__Saved entries__.
_ _ _ _

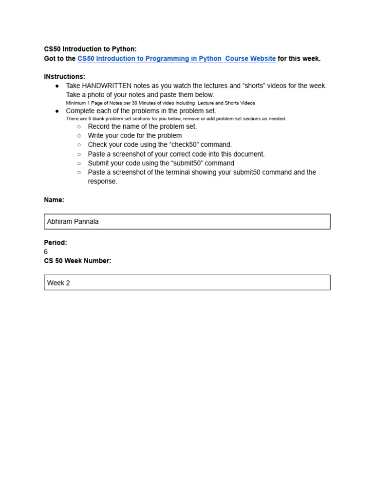 Abhiram Pannala - Week 2 Python - CS50 Datasheet | PDF | Computer ...
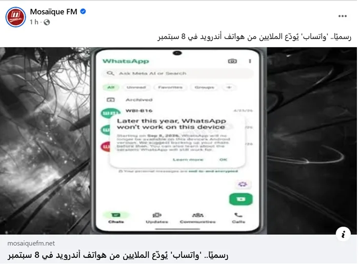 Plusieurs publications et plateformes d’information ont relayé une annonce affirmant que WhatsApp ne sera plus accessible sur Android. Très vite, cette information a suscité de nombreuses interrogations, certains internautes craignant une interruption totale du service sur les smartphones Android. Face à cette vague de confusion, nous avons vérifié l’origine de cette annonce et ce qu’elle signifie réellement.
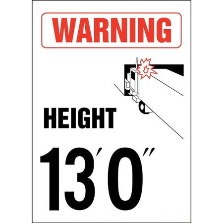 This Warning, Vehicle Height 13' 0" decal measures 7" x 10" and is printed on exterior grade laminated vinyl with permanent adhesive backing.
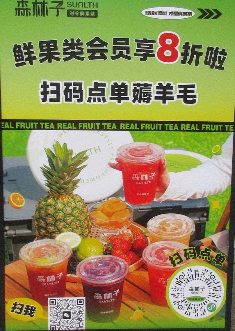 | 南商街八号楼东北角临街 森林子鲜果茶 鲜果类会员扫码点单享8折 芭乐系列新品尝鲜,第二杯半价 | ||||||
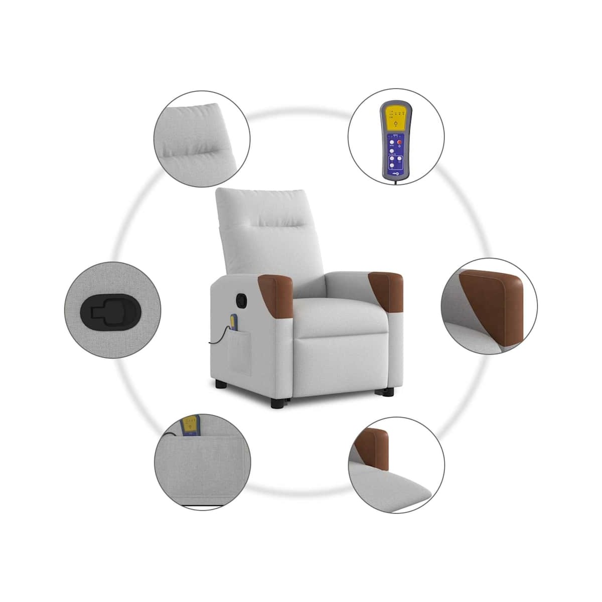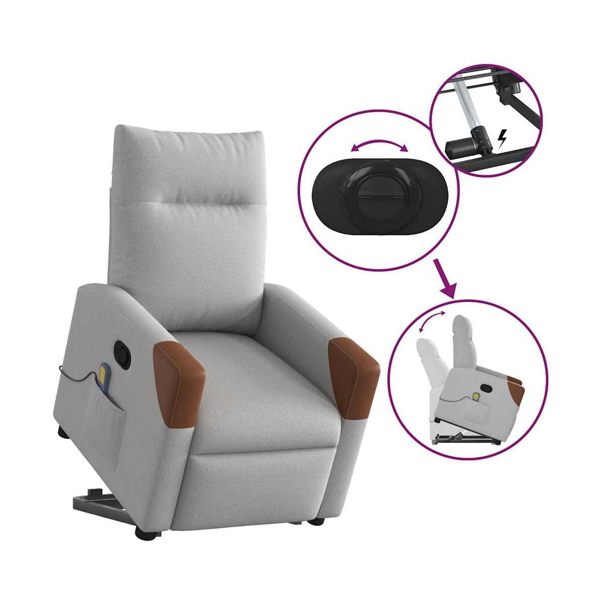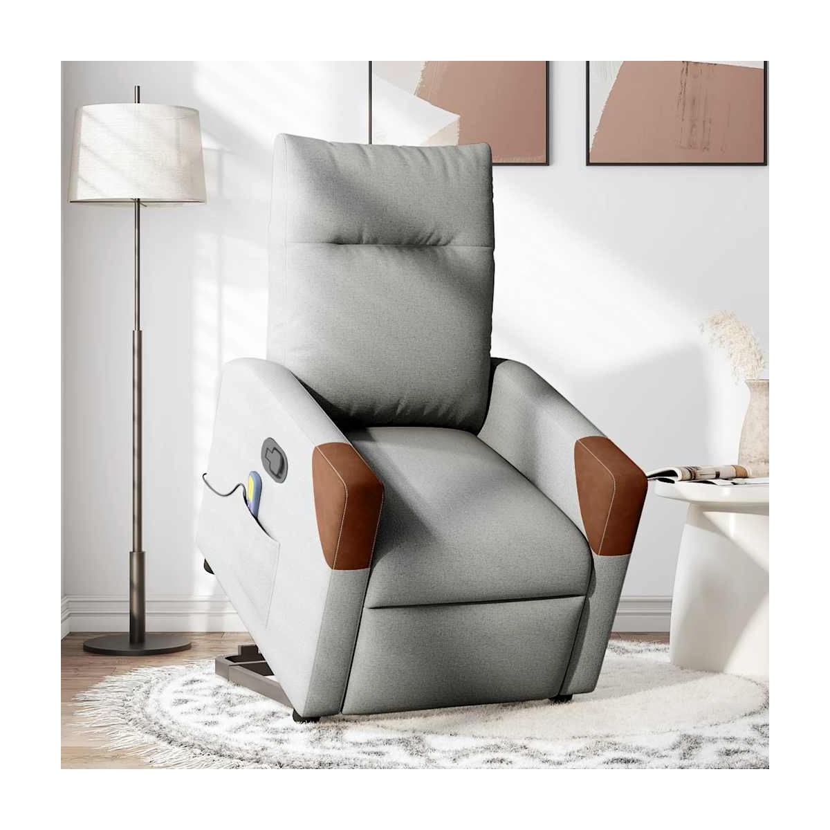 ¡Siéntate y descansa en este comodísimo sillón reclinable de masaje elevable! Función de elevación eléctrica: Este sillón reclinable para las personas mayores está equipado con un motor eléctrico para la función de elevación. Gracias a la función de elevación que empuja el sillón hacia arriba por completo, te puedes levantar fácilmente, sin tensiones en la espalda y las rodillas, con sólo pulsar el botón.Función de reclinado manual: Este sillón reclinable tiene un mango en el lado derecho. Con sólo tirar de él, puedes ajustar manualmente el reposapiés y el respaldo a cualquier posición que te resulte cómoda. Esta función permite una inclinación máxima de 135 grados. Además, el respaldo vuelve rápidamente a su posición original con solo tirar del mango.Función de vibración: Los 6 puntos de masaje te harán disfrutar de un masaje mejor enfocado. Además, el mando incluido te permite elegir diferentes programas de masaje. La función de masaje funciona a través del conector USB que requiere una fuente de alimentación USB de 5 V certificada (no incluida).Cómodo asiento: El mullido asiento , el respaldo y los amplios reposabrazos cubiertos de tela proporcionan una sensación cómoda y acogedora, para que estés de maravilla mientras estás sentado. La tela posee un aspecto sencillo y limpio, y es transpirable y duradera.Práctico bolsillo lateral: Este sillón tiene un bolsillo lateral para que guardes tus cosas al alcance de la mano.Estructura maciza y estable: La estructura, hecha de madera y metal, proporciona una estructura y una estabilidad fuertes. Este sillón reclinables es cómodo y duradero.

_ _ _ _

__TASK DESCRIPTION__.
Exclude the pictures and transcribe all of the entries exactly.

__ANSWER TO THIS TASK__.
 Abhiram Pannala - Week 2 Python - CS50 Datasheet | PDF | Computer ...
 Plusieurs publications et plateformes d’information ont relayé une annonce affirmant que WhatsApp ne sera plus accessible sur Android. Très vite, cette information a suscité de nombreuses interrogations, certains internautes craignant une interruption totale du service sur les smartphones Android. Face à cette vague de confusion, nous avons vérifié l’origine de cette annonce et ce qu’elle signifie réellement.
 This Warning, Vehicle Height 13' 0" decal measures 7" x 10" and is printed on exterior grade laminated vinyl with permanent adhesive backing.
 | 南商街八号楼东北角临街 森林子鲜果茶 鲜果类会员扫码点单享8折 芭乐系列新品尝鲜,第二杯半价 | ||||||
 ¡Siéntate y descansa en este comodísimo sillón reclinable de masaje elevable! Función de elevación eléctrica: Este sillón reclinable para las personas mayores está equipado con un motor eléctrico para la función de elevación. Gracias a la función de elevación que empuja el sillón hacia arriba por completo, te puedes levantar fácilmente, sin tensiones en la espalda y las rodillas, con sólo pulsar el botón.Función de reclinado manual: Este sillón reclinable tiene un mango en el lado derecho. Con sólo tirar de él, puedes ajustar manualmente el reposapiés y el respaldo a cualquier posición que te resulte cómoda. Esta función permite una inclinación máxima de 135 grados. Además, el respaldo vuelve rápidamente a su posición original con solo tirar del mango.Función de vibración: Los 6 puntos de masaje te harán disfrutar de un masaje mejor enfocado. Además, el mando incluido te permite elegir diferentes programas de masaje. La función de masaje funciona a través del conector USB que requiere una fuente de alimentación USB de 5 V certificada (no incluida).Cómodo asiento: El mullido asiento , el respaldo y los amplios reposabrazos cubiertos de tela proporcionan una sensación cómoda y acogedora, para que estés de maravilla mientras estás sentado. La tela posee un aspecto sencillo y limpio, y es transpirable y duradera.Práctico bolsillo lateral: Este sillón tiene un bolsillo lateral para que guardes tus cosas al alcance de la mano.Estructura maciza y estable: La estructura, hecha de madera y metal, proporciona una estructura y una estabilidad fuertes. Este sillón reclinables es cómodo y duradero.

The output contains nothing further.